In Search of the Unknown Unknowns: A Multi-Metric Distance Ensemble for Out of Distribution Anomaly Detection in Astronomical Surveys
Siddharth Chaini, Federica B. Bianco, Ashish Mahabal
TL;DR
This paper tackles the challenge of finding unknown astrophysical novelties in large time-domain surveys by reframing anomaly detection as Out-of-Distribution (OOD) discovery and rare in-distribution detection. It introduces Distance Multi-Metric Anomaly Detection (DiMMAD), a semi-supervised approach that ensembles $16$ distance metrics to compute a robust multi-metric anomaly score across multiple feature-space geometries. The core contributions include centroid-based training on known classes, a two-stage aggregation (per-metric then cross-metric) to rank test objects, and extensive evaluation on simulated LSST-like ELAsTiCC data and real ZTF data, demonstrating superior OOD discovery efficiency and diversity, with open-source implementations in DistClassiPy. The work provides a scalable, interpretable tool for prioritizing follow-up in LSST-era surveys and offers a framework that can incorporate newly discovered classes by updating centroids.
Abstract
Distance-based methods involve the computation of distance values between features and are a well-established paradigm in machine learning. In anomaly detection, anomalies are identified by their large distance from normal data points. However, the performance of these methods often hinges on a single, user-selected distance metric (e.g., Euclidean), which may not be optimal for the complex, high-dimensional feature spaces common in astronomy. Here, we introduce a novel anomaly detection method, Distance Multi-Metric Anomaly Detection (DiMMAD), which uses an ensemble of distance metrics to find novelties. Using multiple distance metrics is effectively equivalent to using different geometries in the feature space. By using a robust ensemble of diverse distance metrics, we overcome the metric-selection problem, creating an anomaly score that is not reliant on any single definition of distance.
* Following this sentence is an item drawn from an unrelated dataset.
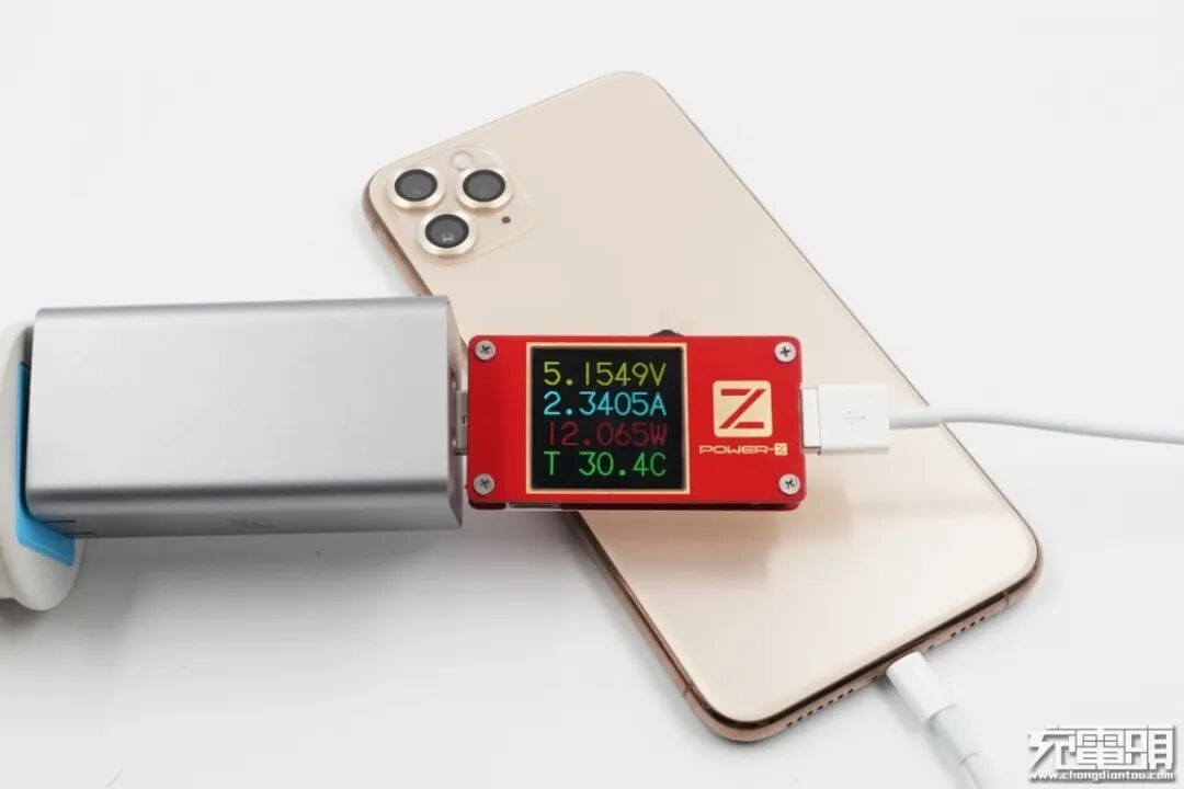 iPhone11 Pro Max 支持USB PD和Apple2.4A快速充电协议,使用USB-A为iPhone11 Pro Max充电,功率为5.15V 2.34A 12.06W,成功握手Apple2.4A快充,并达到Apple2.4A快充功率最大阶段。

We demonstrate this multi-metric approach as a tool for simple, interpretable scientific discovery on astronomical time series -- (1) with simulated data for the upcoming Vera C. Rubin Observatory Legacy Survey of Space and Time, and (2) real data from the Zwicky Transient Facility. We find that DiMMAD excels at out-of-distribution anomaly detection -- anomalies in the data that might be new classes -- and beats other state-of-the-art methods in the goal of maximizing the diversity of new classes discovered. For rare in-distribution anomaly detection, DiMMAD performs similarly to other methods, but may allow for improved interpretability. All our code is open source: DiMMAD is implemented within DistClassiPy: https://github.com/sidchaini/distclassipy/, while all code to reproduce the results of this paper is available here: https://github.com/sidchaini/dimmad/.